MORE INFORMATION
After SharePoint Portal Server crawls a content source, all documents may not be indexed because of errors or rule exclusions. You can use the Gthrlog.vbs utility to extract more information about these documents from the gather logs. You may also want to view successful index entries, which are not shown in the Web page viewer by default.

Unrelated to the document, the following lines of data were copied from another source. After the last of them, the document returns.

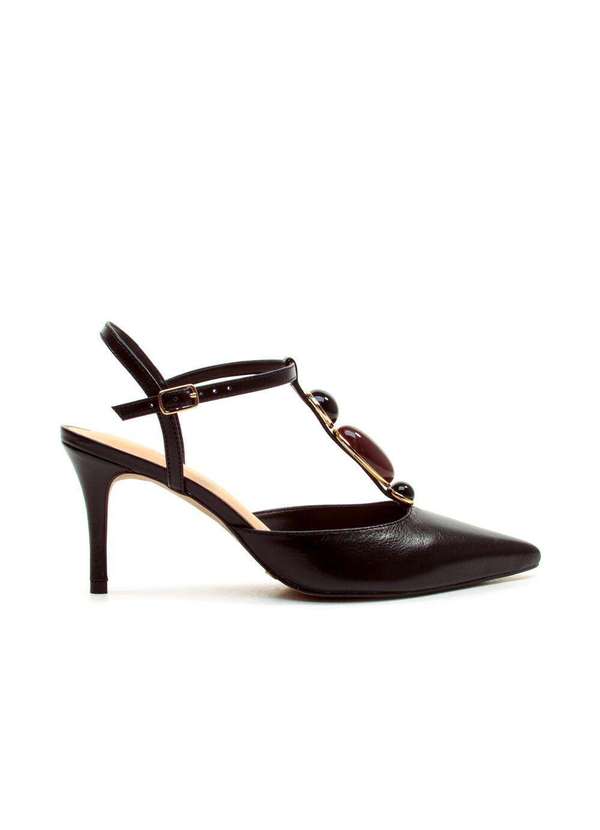Clássico com um toque contemporâneo, este scarpin slingback em couro preto é a escolha ideal para ocasiões que pedem sofisticação com personalidade. O design de bico fino alonga a silhueta e confere elegância instantânea, enquanto a tira central com pedrarias em tons escuros e acabamento dourado adiciona um toque de glamour na medida certa. O salto fino proporciona altura com leveza e o fechamento com fivela garante ajuste delicado e seguro. Um modelo versátil que transita com naturalidade entre eventos sociais, ambientes profissionais e produções refinadas no dia a dia. Características Material: Couro Venetto Cor: Preto Altura do salto: 7,5 cm .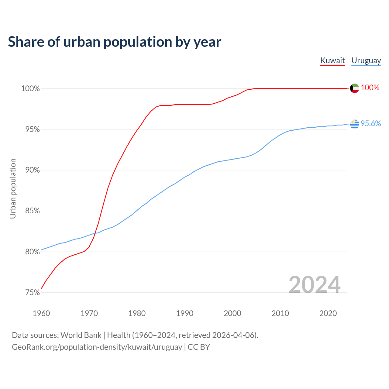 From 2004 to 2024, the share of urban population changed from 99.9% to 100% in Kuwait and from 91.8% to 95.6% in Uruguay.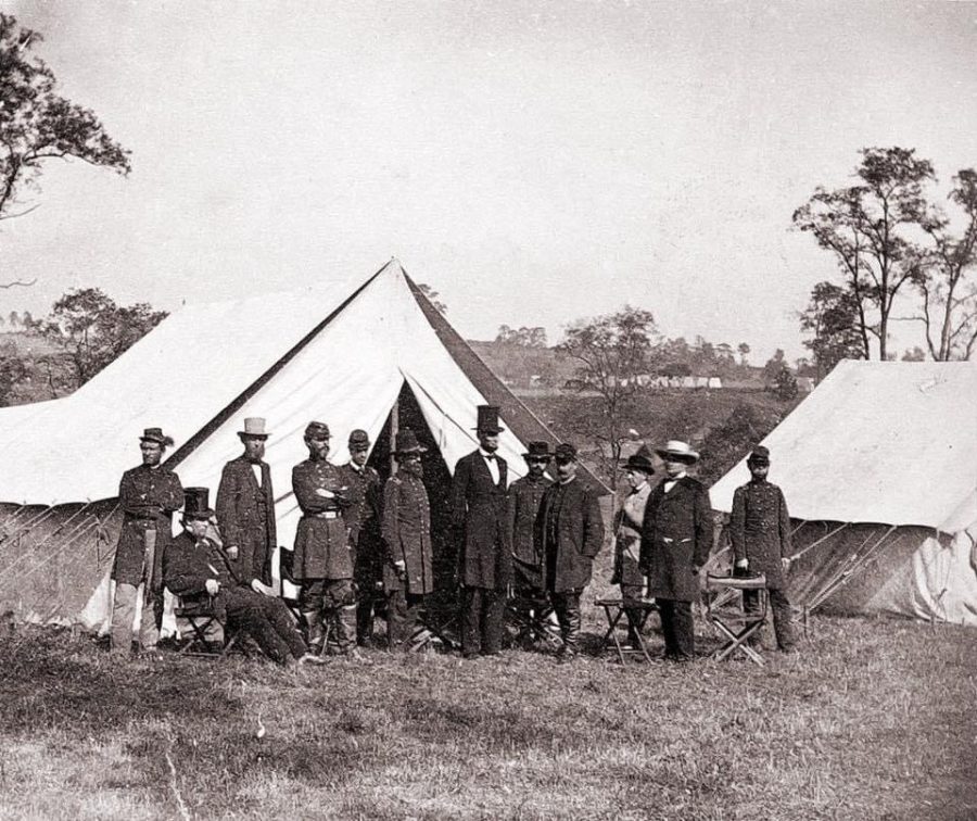 Abraham Lincoln and others at Antietam Lincoln’s bodyguard, Ward Hill Lamon, is seated on the left – October 3, 1862 via Wikimedia Commons, public domain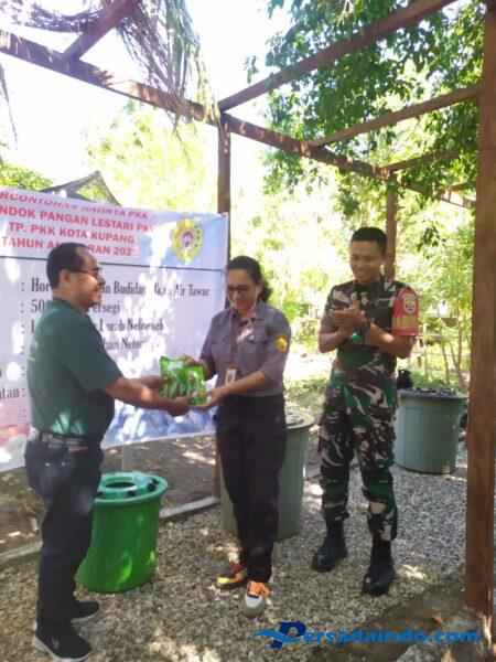 NTT-KUPANG, – Dalam upaya mendukung ketahanan pangan di wilayah, Babinsa Kelurahan Nefonaek Koramil 1604-01/Kupang, Serda Putu Juni Arsana menghadiri kegiatan penyerahan bantuan bibit tanaman dan pupuk kepada para Ibu PKK. Kegiatan ini dilaksanakan di RT 022 RW 007, Kelurahan Nefonaek, Kecamatan Kota Lama, Kota Kupang, dan dihadiri oleh Wakil Ketua PKK Kota Kupang serta perwakilan dari Dinas Pertanian Sabtu (21/06/2025).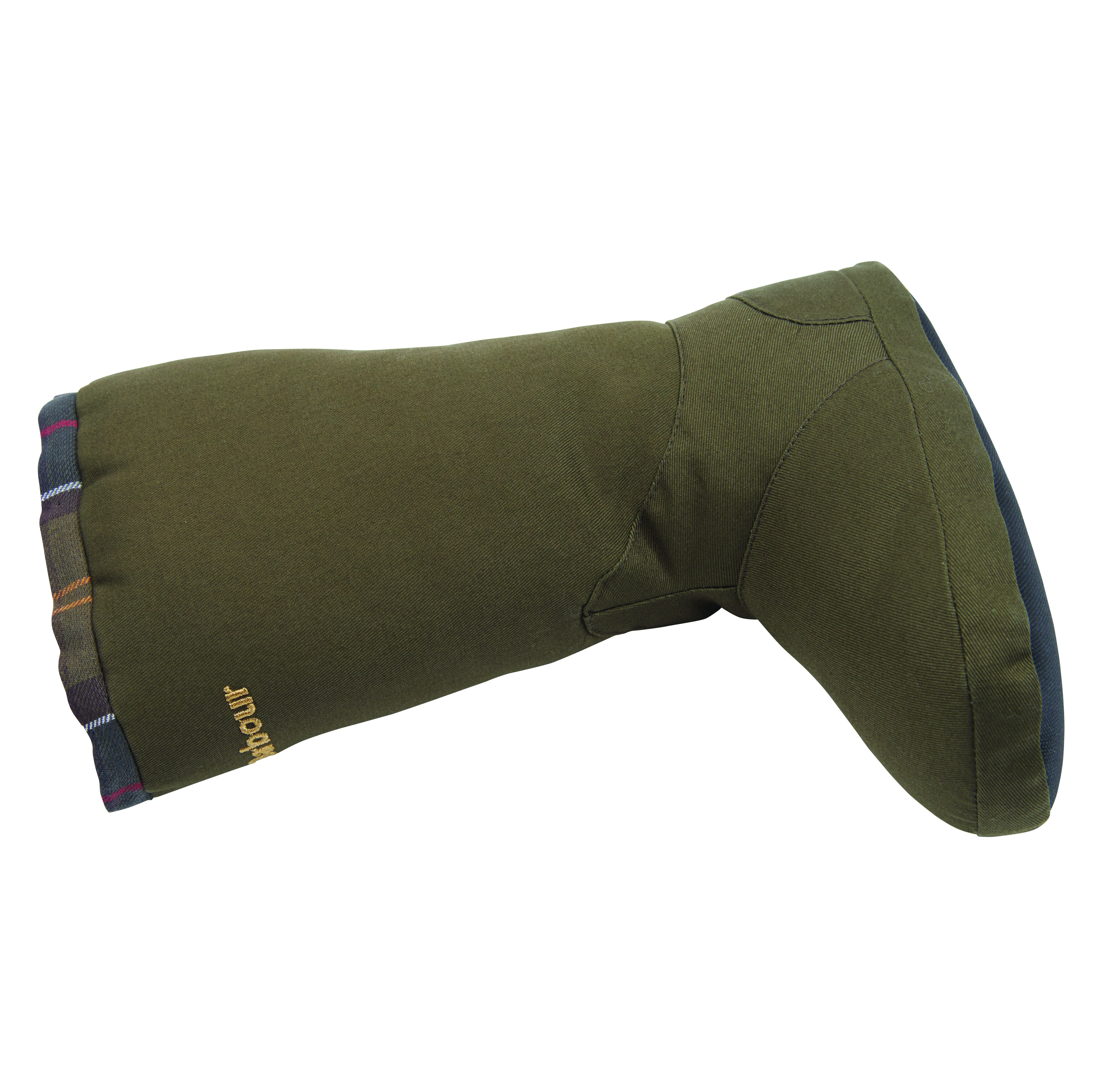 Jouet en forme de botte Wellington Barbour iconique, avec couineur et garni du tartan Barbour.

Gatherer log files are created during every index update, and can be found in the following folder, which is typically located in ProgramFiles\SharePointPortalServer on the drive that you installed the SharePoint Portal Server program files to:
Data\FTData\SharePointPortalServer\GatherLogs\workspace_name
All files that have the .gthr extension are log files. You can view these files to identify the documents that were successfully indexed. To find the log that corresponds to the most recent index update, locate the .gthr file with the most recent timestamp. The .gthr files are difficult to read by using a text editor, such as Microsoft Notepad. To parse the logs into a readable format, run the Gthrlog.vbs utility against the log file.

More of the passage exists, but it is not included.